Dependencies on the stuff that I've worked on so far are pretty limited. At most it's things like jQuery and maybe a slider, but then I just add those js files to the theme and use Gulp to concat/minify.

As far as test/staging/production it's mostly been:

  • test locally
  • push it up
  • fix bugs
  • repeat

I have started looking into using docker and WordMove as a way to have multiple copies of the same full wordpress install on multiple machines, but haven't fully implemented it into my workflow yet.

Currently, this has all been personal projects and a few freelance clients, but most of my sites are running of DigitalOcen droplets.

Obviously there are some steps I'd need to add to my workflow for any kind of enterprise work, so I'm open to suggestions if you have them.

lewiscowles1986 profile image
Lewis Cowles

Hey Jack,

I suppose it's best to start from, how are clients approving changes if it goes from local-dev to live?

I've worked in the way you've described before, so I know the stress and pain it can cause for me, and for clients.

I wouldn't call backups or deploys an enterprise pattern as much as a recognition of value.

You could start by enabling droplet backups, learning wp-cli for exporting the database, plugin & theme installs, experimenting in VM's.

I'm not seeing lots of use-case for WordPress in Docker containers outside of testing.
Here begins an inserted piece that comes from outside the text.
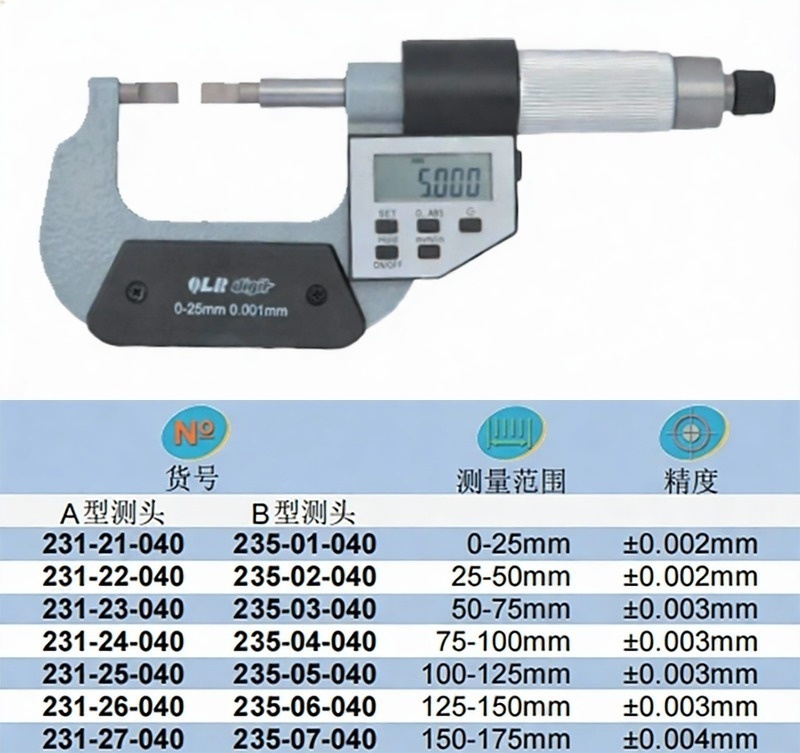XIBEI(西北) 青量数显叶片千分尺,235-02-040 25-50*0.001mm、B型(0.4*3.5*6)、五键、IP54 售卖规格:1把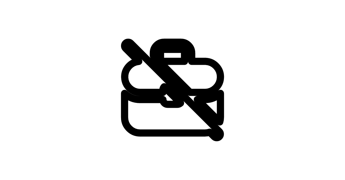 The briefcase-off-24-filled icon represents a medical briefcase with a cancellation or removal symbol, signifying the end of medical services or healthcare.

It was different in the initial PHP7 launch, but it is the only actively supported release now (, but certainly having a repeatable Vagrant VM can be of use locally to experiment with adding caching or shared state (multi-server or caching or both).

Once that is done you could experiment with child-themes, and multi-site. That can provide a single login which lets you have mutliple sites with mostly shared features, the option to diverge in a branching pattern, and the ability to interact with and gain client approval on changes.

Small things like storing nginx configs as code in repo's can help repeat-ability and consistency.

To upload themes you can ensure the branch name is included so {branch}-{theme}.zip see for an example of using git tag shows how to get active git branch instead.

You could maintain branches for staging or use feature branches to facilitate, run webpack or gulp before creating an archive, push that to the right place using a tool like scp (digitalocean supports scp & ssh) and wp-cli install theme from zip

There is a whole lot of room to improve. Hopefully this helps some.

rahuldhangar profile image
Rahul Dhangar

Super awesome Jack! Its fun to read this post and I will surely try it up soon!

polyakovkakatya profile image

Thanks for sharing! I'm quite new in Git so it is helpful info.